ヒドゥンカリキュラムはジェンダー以外にも様々な場面において存在する。

例えば、教師が他の教員や保護者の悪口を平気で生徒の前で言ったり、教員同士の関係が悪ければ、それが生徒の「いじめ」の助長に繋がることがある。

「いじめは良くない」と生徒に教えるだけではなく、「いじめを容認しない」雰囲気を生徒が体感することが必要だと思う。

そのためにも、まずは教員同士が尊重し合うこと、教師が生徒一人一人を平等に見ることが大切である。

まとめ

ヒドゥンカリキュラムの悪い面を書いたが、実際には良い面も存在する。
例えば、教員が教室の掃除やごみ拾いを行うことで、児童生徒も自主的に掃除をするようになる。教員が間違いを素直に認めて謝罪することで、生徒も素直になるなど。

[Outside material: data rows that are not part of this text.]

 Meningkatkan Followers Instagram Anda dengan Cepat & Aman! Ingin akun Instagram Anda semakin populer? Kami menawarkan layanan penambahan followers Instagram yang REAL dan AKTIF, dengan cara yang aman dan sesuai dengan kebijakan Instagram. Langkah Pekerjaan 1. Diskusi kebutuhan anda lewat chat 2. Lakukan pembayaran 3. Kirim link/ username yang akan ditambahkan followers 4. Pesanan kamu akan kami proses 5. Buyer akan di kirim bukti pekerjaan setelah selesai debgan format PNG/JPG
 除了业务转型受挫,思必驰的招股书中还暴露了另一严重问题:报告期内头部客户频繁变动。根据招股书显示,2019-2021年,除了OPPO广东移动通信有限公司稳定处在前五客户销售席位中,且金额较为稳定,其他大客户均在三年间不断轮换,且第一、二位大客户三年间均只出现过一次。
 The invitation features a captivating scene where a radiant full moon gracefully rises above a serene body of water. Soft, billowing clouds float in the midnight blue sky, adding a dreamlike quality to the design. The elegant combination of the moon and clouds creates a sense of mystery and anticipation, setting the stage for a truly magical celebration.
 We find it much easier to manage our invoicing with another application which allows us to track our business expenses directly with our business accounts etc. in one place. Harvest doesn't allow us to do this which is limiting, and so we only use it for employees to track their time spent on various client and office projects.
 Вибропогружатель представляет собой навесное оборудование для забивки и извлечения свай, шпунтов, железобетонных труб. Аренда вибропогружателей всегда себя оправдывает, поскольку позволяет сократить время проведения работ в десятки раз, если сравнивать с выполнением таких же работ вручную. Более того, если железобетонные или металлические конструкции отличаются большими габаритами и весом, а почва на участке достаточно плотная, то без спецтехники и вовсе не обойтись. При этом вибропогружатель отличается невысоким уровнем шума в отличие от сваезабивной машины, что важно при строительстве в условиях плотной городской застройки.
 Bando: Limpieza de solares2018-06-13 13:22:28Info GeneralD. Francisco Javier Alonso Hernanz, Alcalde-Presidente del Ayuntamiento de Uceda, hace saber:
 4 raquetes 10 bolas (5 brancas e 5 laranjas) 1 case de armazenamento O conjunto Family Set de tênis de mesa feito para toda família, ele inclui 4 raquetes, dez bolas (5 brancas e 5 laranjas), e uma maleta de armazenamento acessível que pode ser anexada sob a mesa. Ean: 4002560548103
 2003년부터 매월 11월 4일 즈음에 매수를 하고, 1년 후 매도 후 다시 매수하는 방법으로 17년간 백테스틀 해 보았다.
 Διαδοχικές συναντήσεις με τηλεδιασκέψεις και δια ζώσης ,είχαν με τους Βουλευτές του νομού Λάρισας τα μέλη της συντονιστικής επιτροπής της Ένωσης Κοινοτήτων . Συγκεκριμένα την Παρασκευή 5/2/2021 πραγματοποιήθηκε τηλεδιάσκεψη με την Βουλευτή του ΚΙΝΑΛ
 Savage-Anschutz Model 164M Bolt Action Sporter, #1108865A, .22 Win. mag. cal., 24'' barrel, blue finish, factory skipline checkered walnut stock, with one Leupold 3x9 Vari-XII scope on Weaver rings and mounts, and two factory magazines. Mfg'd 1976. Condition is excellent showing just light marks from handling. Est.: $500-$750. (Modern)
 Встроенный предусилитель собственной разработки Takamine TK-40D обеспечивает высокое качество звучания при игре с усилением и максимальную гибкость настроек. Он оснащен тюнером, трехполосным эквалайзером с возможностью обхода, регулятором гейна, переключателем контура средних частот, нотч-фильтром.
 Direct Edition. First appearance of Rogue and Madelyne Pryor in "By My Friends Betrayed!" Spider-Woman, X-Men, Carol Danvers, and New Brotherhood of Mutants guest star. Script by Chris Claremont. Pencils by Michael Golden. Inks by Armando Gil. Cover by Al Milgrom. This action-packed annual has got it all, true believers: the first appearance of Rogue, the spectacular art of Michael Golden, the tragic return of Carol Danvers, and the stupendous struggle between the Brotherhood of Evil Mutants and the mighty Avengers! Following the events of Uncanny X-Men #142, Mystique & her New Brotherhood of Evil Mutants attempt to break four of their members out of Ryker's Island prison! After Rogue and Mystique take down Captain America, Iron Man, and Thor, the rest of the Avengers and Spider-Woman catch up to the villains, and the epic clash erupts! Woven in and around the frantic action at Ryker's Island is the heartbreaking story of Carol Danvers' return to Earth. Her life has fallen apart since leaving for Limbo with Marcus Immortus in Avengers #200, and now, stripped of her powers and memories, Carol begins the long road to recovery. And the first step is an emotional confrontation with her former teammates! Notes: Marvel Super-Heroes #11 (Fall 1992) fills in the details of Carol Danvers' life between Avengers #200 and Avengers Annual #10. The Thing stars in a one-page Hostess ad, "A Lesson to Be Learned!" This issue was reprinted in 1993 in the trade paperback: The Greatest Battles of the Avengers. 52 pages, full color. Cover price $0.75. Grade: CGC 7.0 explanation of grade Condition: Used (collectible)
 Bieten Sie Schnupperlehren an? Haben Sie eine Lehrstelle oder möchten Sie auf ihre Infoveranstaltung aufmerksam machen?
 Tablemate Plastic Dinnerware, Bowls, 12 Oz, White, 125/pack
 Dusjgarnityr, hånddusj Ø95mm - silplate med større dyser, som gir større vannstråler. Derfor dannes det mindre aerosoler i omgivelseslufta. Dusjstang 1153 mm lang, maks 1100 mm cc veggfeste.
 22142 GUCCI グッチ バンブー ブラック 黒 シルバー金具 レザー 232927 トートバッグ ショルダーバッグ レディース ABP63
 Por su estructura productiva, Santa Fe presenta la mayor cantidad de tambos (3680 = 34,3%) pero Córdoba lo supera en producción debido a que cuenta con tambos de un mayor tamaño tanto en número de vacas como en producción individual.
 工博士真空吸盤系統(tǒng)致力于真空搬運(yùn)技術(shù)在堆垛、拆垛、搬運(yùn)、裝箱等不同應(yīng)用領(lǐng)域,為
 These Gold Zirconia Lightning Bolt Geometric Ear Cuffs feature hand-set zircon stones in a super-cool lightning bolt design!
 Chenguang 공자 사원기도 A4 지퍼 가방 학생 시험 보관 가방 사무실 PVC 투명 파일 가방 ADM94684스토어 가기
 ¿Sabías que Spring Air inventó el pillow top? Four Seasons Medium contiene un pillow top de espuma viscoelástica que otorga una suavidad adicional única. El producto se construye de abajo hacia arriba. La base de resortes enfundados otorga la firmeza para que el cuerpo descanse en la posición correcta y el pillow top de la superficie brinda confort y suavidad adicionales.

このようにヒドゥンカリキュラムは生徒の生きる力の育成にも非常に重要な役割を持っている。

「背中を見て育つ」などと言われているように日本は非言語活動によって教育をする文化があると思う。

この文化には良い面も悪い面もあるので、まずはそのヒドゥンカリキュラムは本当に必要なのか、理不尽ではないのか気づくことが重要だろう。

私自身も日常生活での「普通」に敏感になって、自分の価値観を改めてみようと思う。

そして今後、特にジェンダーについての勉強を進めていくつもりだ。